● **Supplied records**:
Segment Open
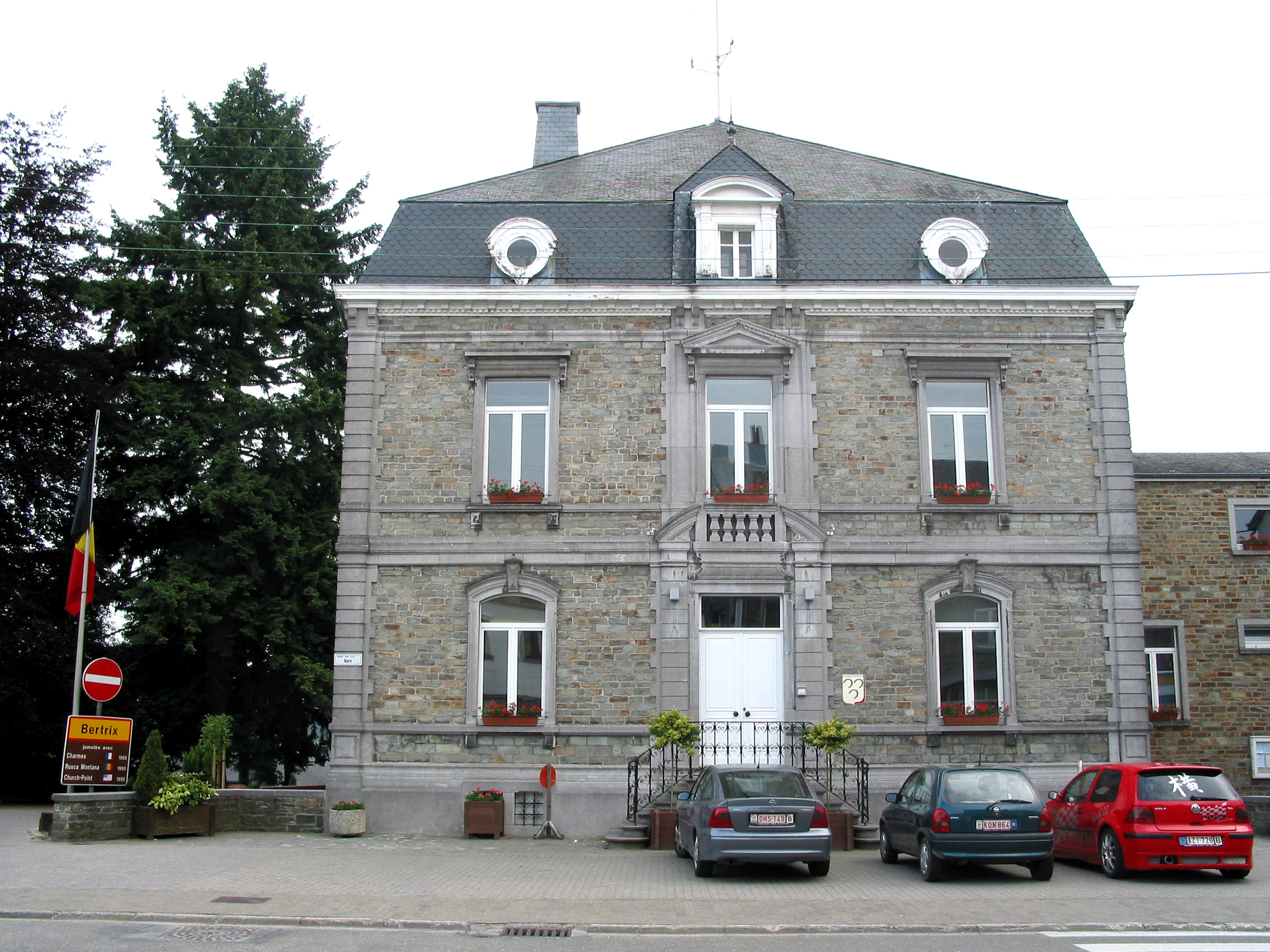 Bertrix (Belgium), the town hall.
Segment Closed
Segment Open
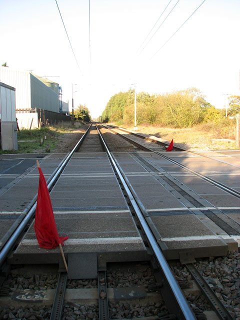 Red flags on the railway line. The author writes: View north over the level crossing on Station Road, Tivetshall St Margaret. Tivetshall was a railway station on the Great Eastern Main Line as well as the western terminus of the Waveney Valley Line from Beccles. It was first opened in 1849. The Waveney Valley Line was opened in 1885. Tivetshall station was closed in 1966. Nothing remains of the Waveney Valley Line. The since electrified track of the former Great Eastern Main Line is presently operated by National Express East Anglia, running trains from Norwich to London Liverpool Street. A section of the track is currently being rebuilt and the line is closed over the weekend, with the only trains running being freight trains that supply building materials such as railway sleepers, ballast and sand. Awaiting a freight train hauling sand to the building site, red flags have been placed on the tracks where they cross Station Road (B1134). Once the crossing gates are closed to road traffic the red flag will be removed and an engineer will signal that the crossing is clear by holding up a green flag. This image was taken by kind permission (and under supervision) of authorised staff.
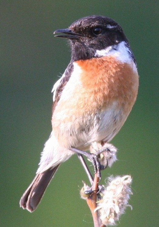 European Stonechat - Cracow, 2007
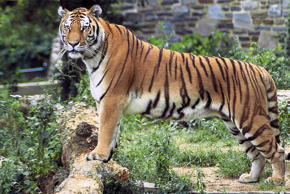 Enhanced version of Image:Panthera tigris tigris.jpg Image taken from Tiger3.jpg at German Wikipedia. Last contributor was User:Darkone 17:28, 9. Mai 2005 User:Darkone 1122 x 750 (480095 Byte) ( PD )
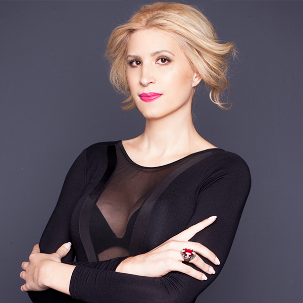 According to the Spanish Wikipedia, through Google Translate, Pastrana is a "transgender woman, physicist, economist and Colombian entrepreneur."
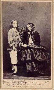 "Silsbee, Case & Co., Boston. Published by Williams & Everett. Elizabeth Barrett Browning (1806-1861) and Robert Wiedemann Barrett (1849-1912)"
Segment Closed
● **What the task requires**: From the material above, output only the span of lines that starts at the one containing "Red flags on" and finishes at the one containing "Co., Boston. Published", word for word and free of pictures.

● **Result for this task**:
 Red flags on the railway line. The author writes: View north over the level crossing on Station Road, Tivetshall St Margaret. Tivetshall was a railway station on the Great Eastern Main Line as well as the western terminus of the Waveney Valley Line from Beccles. It was first opened in 1849. The Waveney Valley Line was opened in 1885. Tivetshall station was closed in 1966. Nothing remains of the Waveney Valley Line. The since electrified track of the former Great Eastern Main Line is presently operated by National Express East Anglia, running trains from Norwich to London Liverpool Street. A section of the track is currently being rebuilt and the line is closed over the weekend, with the only trains running being freight trains that supply building materials such as railway sleepers, ballast and sand. Awaiting a freight train hauling sand to the building site, red flags have been placed on the tracks where they cross Station Road (B1134). Once the crossing gates are closed to road traffic the red flag will be removed and an engineer will signal that the crossing is clear by holding up a green flag. This image was taken by kind permission (and under supervision) of authorised staff.
 European Stonechat - Cracow, 2007
 Enhanced version of Image:Panthera tigris tigris.jpg Image taken from Tiger3.jpg at German Wikipedia. Last contributor was User:Darkone 17:28, 9. Mai 2005 User:Darkone 1122 x 750 (480095 Byte) ( PD )
 According to the Spanish Wikipedia, through Google Translate, Pastrana is a "transgender woman, physicist, economist and Colombian entrepreneur."
 "Silsbee, Case & Co., Boston. Published by Williams & Everett. Elizabeth Barrett Browning (1806-1861) and Robert Wiedemann Barrett (1849-1912)"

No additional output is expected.